The outside was turned on a screw chuck. The foot had a spigot to mount in chuck. The bowl was hollowed initially with bowl gouge and then my rolly hollowing tool to create the undercut under the lip and to follow the outer curve. The top photo I have taken from an angle to try to show the undercut. it was then finished inside before reversing to take off the spigot and to finish the foot.

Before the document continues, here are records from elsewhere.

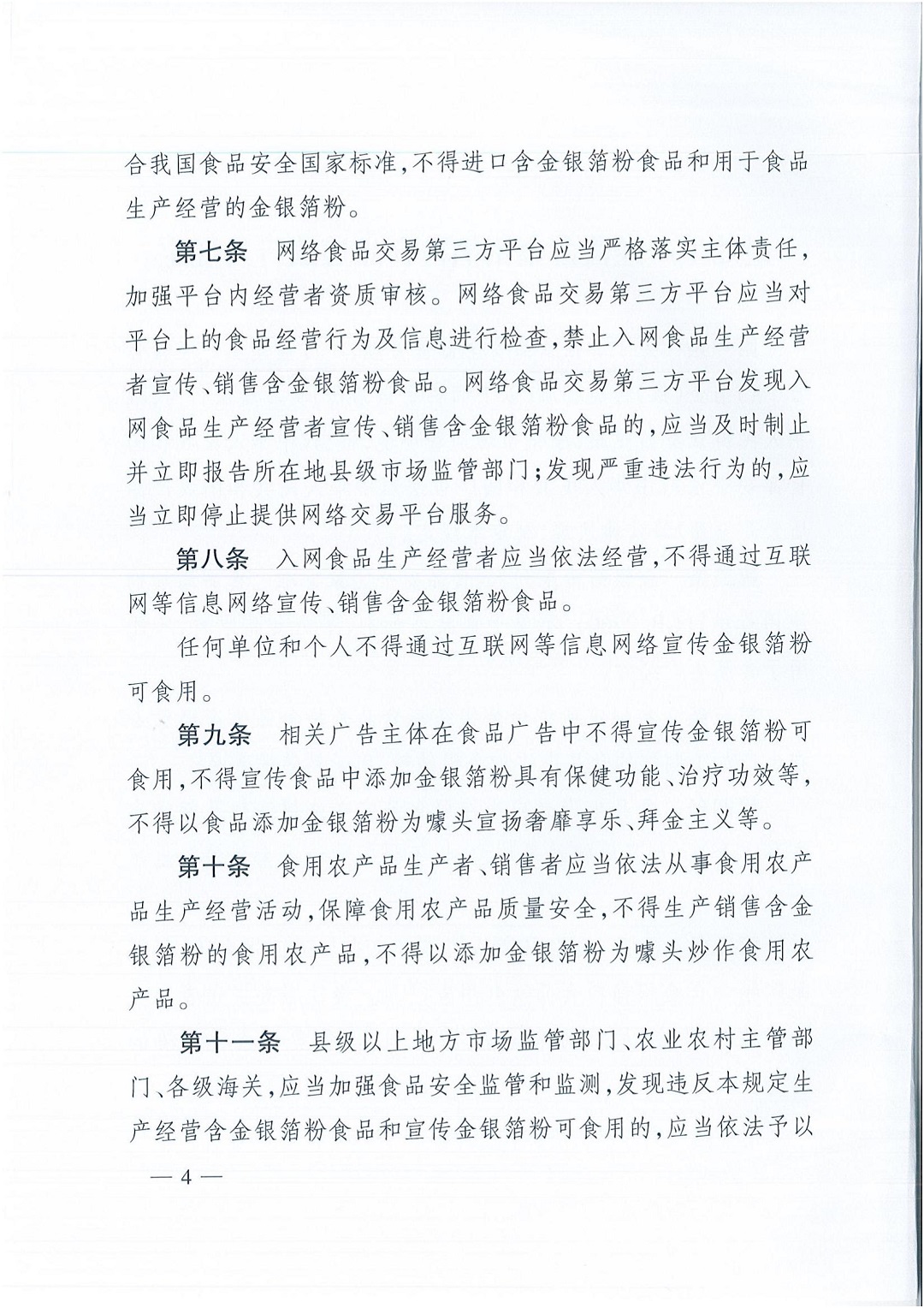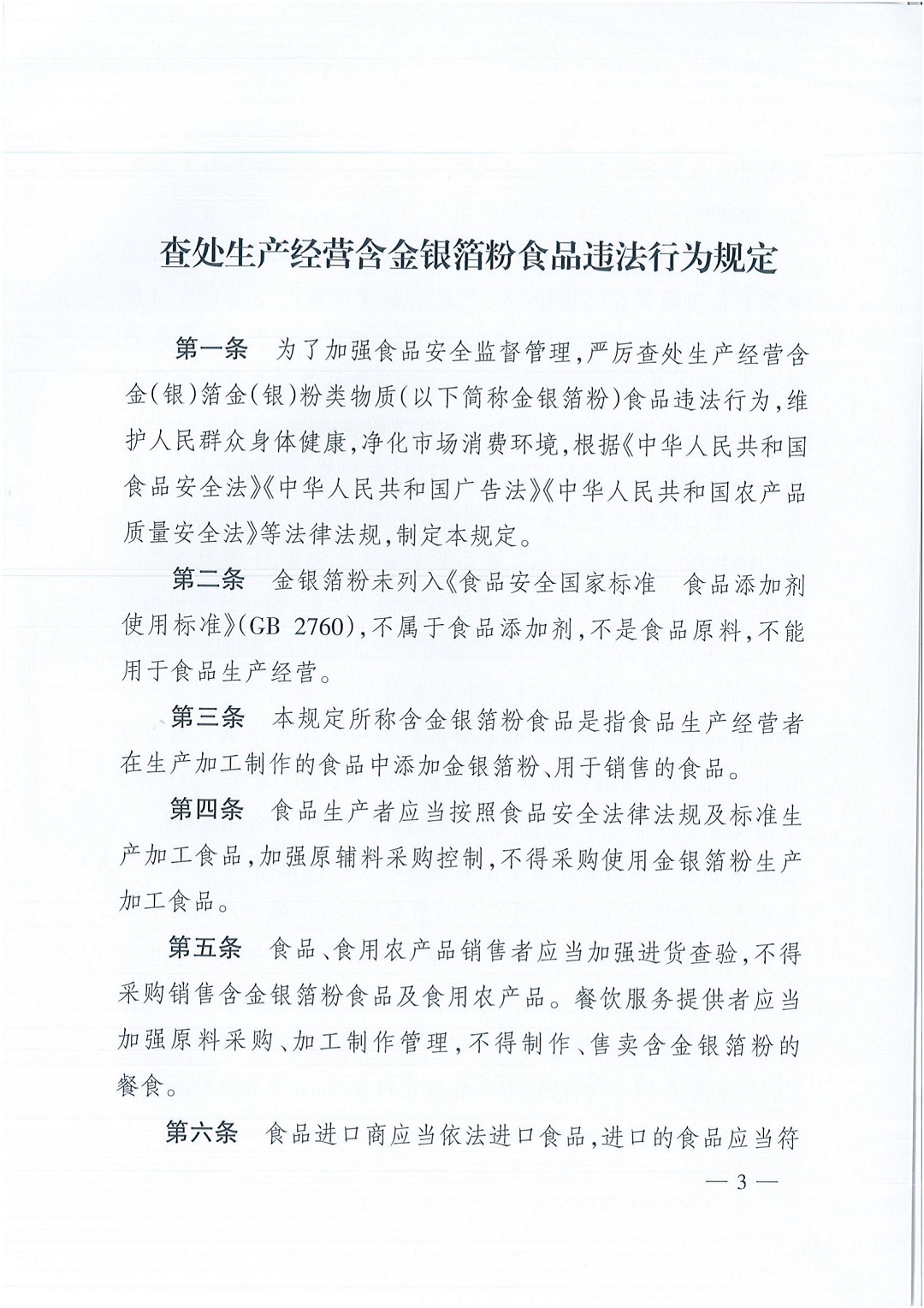 根据《中华人民共和国食品安全法》《中华人民共和国广告法》《中华人民共和国农产品质量安全法》等法律法规,市场监管总局、农业农村部、国家卫生健康委、海关总署联合制定了《查处生产经营含金银箔粉食品违法行为规定》。现予以公告,自发布之日起施行。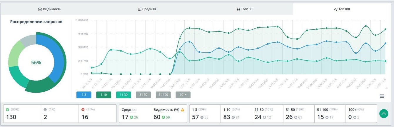 С этого момента показатели только улучшались. Сайт стал лидером ниши, заняв позиции в ТОП-5 по всем основным запросам. Заказчик начал получать действительно качественные лиды на комплексное оснащение ванных комнат. Почти 100% ключевых запросов вышли на первую страницу Яндекса, а 50% закрепились в топ-3. Команда смогла значительно превзойти первоначальный прогноз по количеству лидов и трафику.
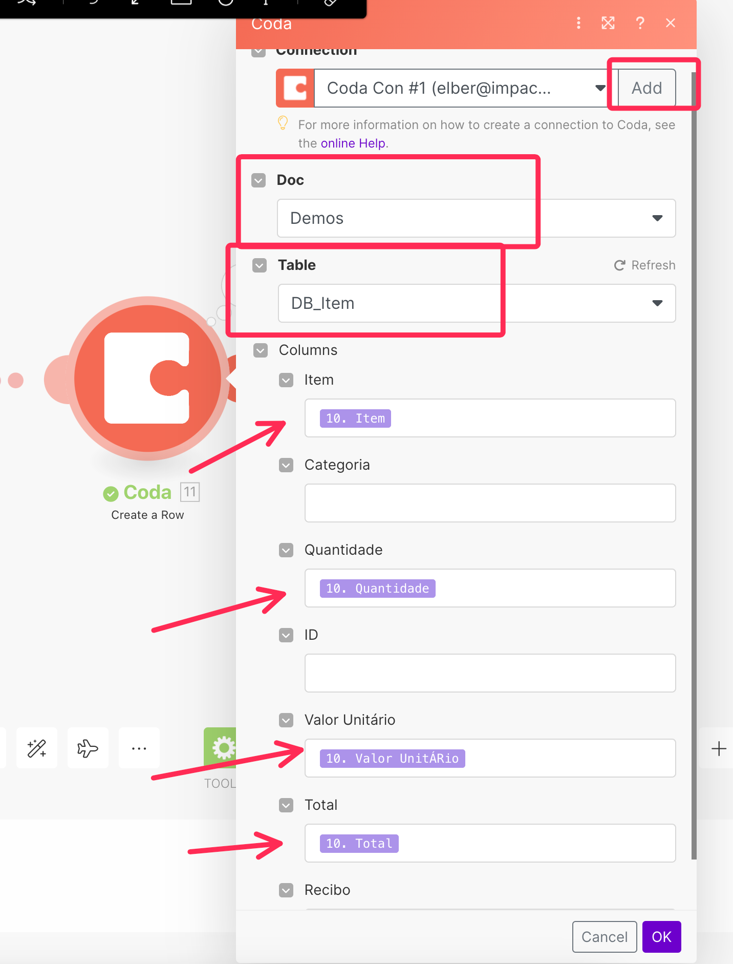 Por fim, adicione o módulo “Create a Row” no Coda, preenchendo os campos com as informações do módulo JSON Parse.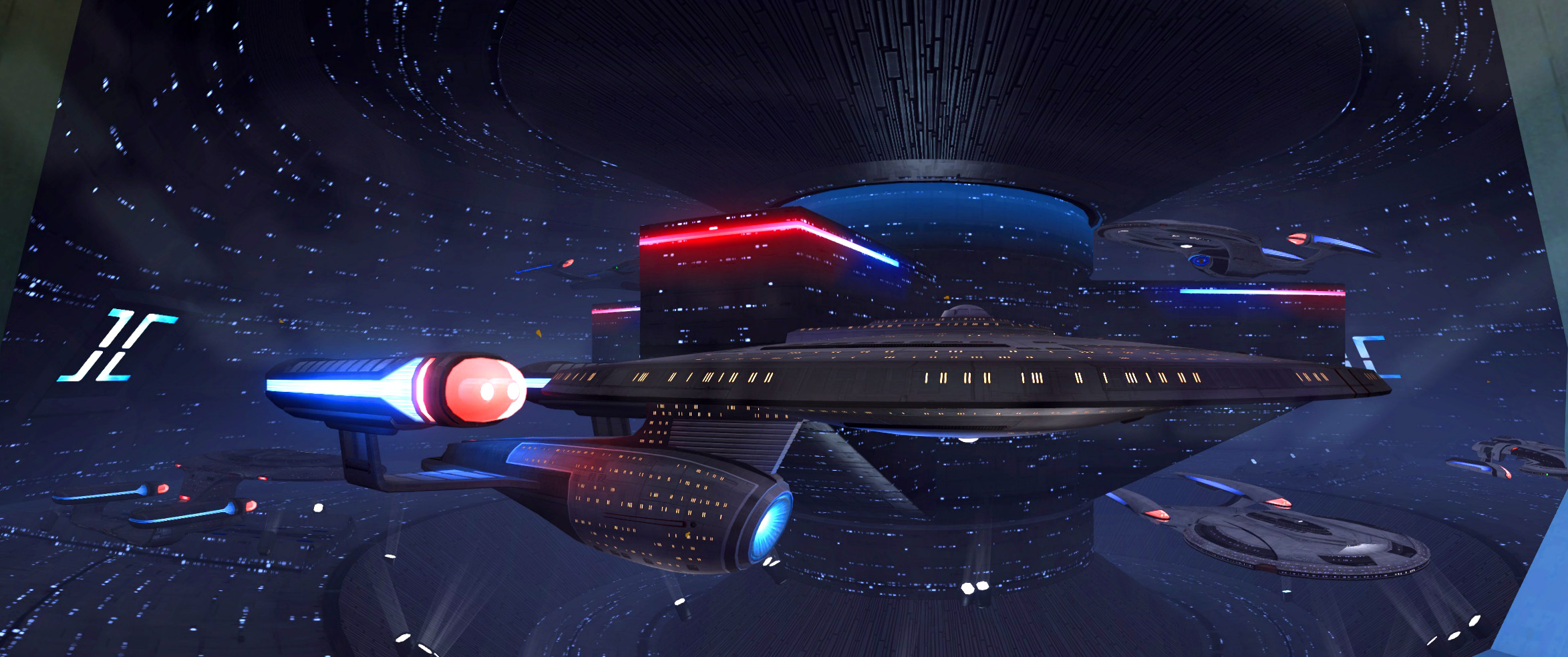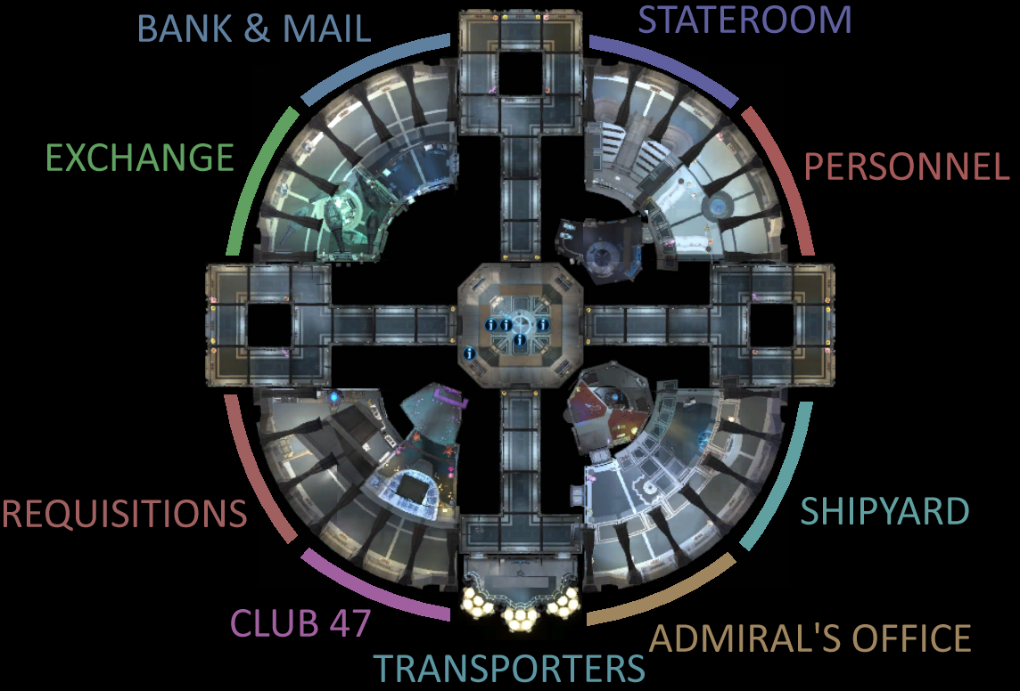 - Most of the interiors were also re-designed. The most drastic changes were made to Admiral Quinn's office, Club 47 and Starship Requisitions - now featuring a window overlooking docked Odyssey Class, Galaxy Class, Armitage Class, Ambassador Class, Vesta Class, Avenger Class, and Regent Class vessels.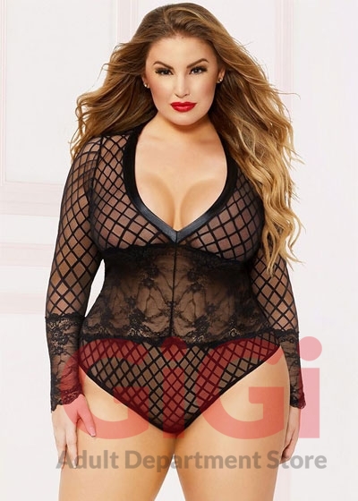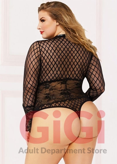 Geo mesh long sleeve teddy with lamé trim and snap crotch
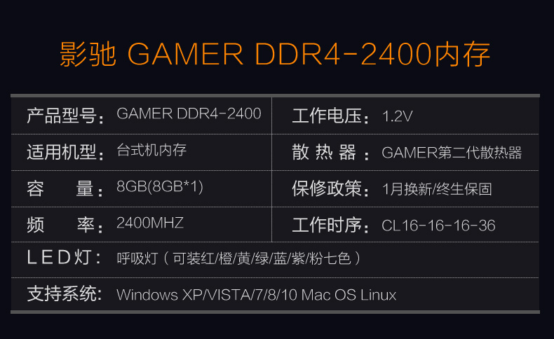 商品名稱(chēng):影馳 GAMER DDR4 2400 8G 臺(tái)式機(jī)內(nèi)存 內(nèi)存條 燈條 呼吸燈 燈光內(nèi)存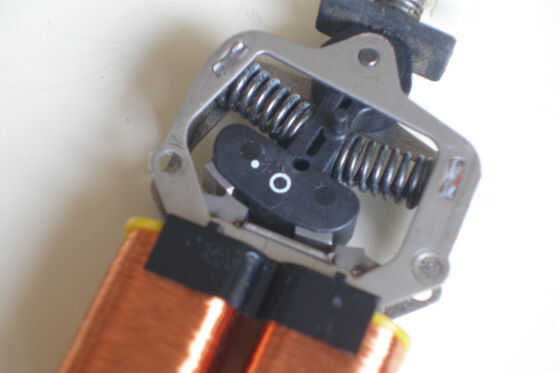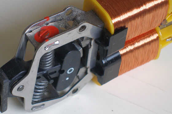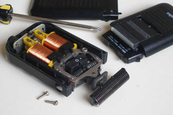 En las fotos puede ver la estructura de una hoja de afeitar: dos bobinas generan un campo magnético alterno. Entre sus expansiones polares (el metálico en forma de U núcleo dentro de las dos bobinas) se coloca un imán con el resorte. La CA genera un campo magnético alterno que a su vez las fuerzas del imán a oscilar y girar las cuchillas de la maquinilla de afeitar.

Dimensions: 190 mm x 75 mm, 125mm bowl opening


----------



## Alli (28 Jan 2012)

I turned a small bowl from spalted Beech, it measures 5 1/4” diameter by 2 1/2” high. It was mounted on a screw chuck and the bottom shaped including a tenon. Then reversed and mounted in dovetail jaws of the chuck. The top half was shaped to hopefully match the bottom shape. The inside was hollowed to match the outside shape. 
Tools used 1/2” Bowl Gouge, straight scraper and skew for the tenon, and a BCT hollower. 
Sanded from 120 – 400. 1 coat of sanding sealer. 2 coats of friction polish. Finished with wax.














Cheers David
PS I just hope the pictures are attached #-o


----------



## Blister (28 Jan 2012)

Hi , This is my entry for this month, and as wood used is not part of the judging I have chosen a Ash blank

11 1/2 " Diameter x 2 1/2" high 

Internal bowl hollowed with a undercut rim 

Externally shaped with a slightly tapered in top rim with 2 beads 

Bowl reversed onto Cole jaws and the chuck mount removed sightly concave to allow a stable foot 

Sanded from 120 to 400 final sanding done in forward and reverse to remove any raised grain , sanding sealer , the Hard wax oil x 2 coats , and buffed on my polishing machine


----------



## nev (28 Jan 2012)

My January offering to the gods, an unadulterated bowl. spalted sycamore i think, rescued from the firewood pile. 4" faceplate to start, bottom shaped with 3/8 superflute bowl gouge and an inch square scraper, recessed and finished, reversed and mounted on expandy chuck, hollowed with superflute and round scraper. sanded to 400, then MM pads, cellulose s/s and a fiddes soft wax finish. approx 6.5" x 2.5"


----------



## steadyeddie (28 Jan 2012)

Hi all. My entry is a flared bowl turned from American Maple. 200mm dia x 60mm. Blank was mounted on a screw chuck to shape the outer profile & foot mainly with 3/8 bowl gouge. Re-mounted in Oneway chuck on foot spigot to shape inside of bowl using the same tool. Used home made cole jaws to finish foot. Sanded from 120g to 400g. Then 2 coats of sanding sealer & polished using a lathe mounted polishing mop.

Dave


----------



## dennisk (28 Jan 2012)

More manitoba maple(box elder), sorry guys but I love the stuff and its free. A tree blew over in November and I scooped the bottom 4 feet and here is some of it. Roughed out Jan 6 and finished Jan 13 in a couple of hours. Needless to say, turned wet on a screw with a tenon. Reversed and hollowed and it started to move immediately. Put it in the cole jaws and turned off the tenon. Sanded to 320 and just watched it move for a week. Sprayed with lacquer. I love the little warts on it and the colours and the the knots and the warpage(is that word?).6" diam by 5"high by 1/8" thick. turned with 3/8" bowl gouge. Thanks DK


----------



## Steven (28 Jan 2012)

My entry, Sycamore approx 7"x1.5" done with a 3/8 bowel gouge on a screw chuck finish to 320 grit with Melamine Lacquer on the out side and sanding sealer on the inside.


----------



## Silverbirch (28 Jan 2012)

Here is my entry for the bowl challenge.
Turned from ash, using 1/2" and 3/8" bowl gouges, plus a small round skew for the base and detailing.
Sanded to 400 grit, then finished with cellulose sealer, Renaissance Wax, and buffed.
Dimensions: 240mm diameter and 60mm high.


----------



## cambournepete (29 Jan 2012)

Here's mine, approx 6.5" diameter and 3" high in Field Maple.
Turned using mostly a crown Ellsworth bowl gouge, with a little scraping and too much sanding (down to 600 grit) as the tear out was horrendous.
Reverse chucked wit a pointy tool used for the grooves in the base.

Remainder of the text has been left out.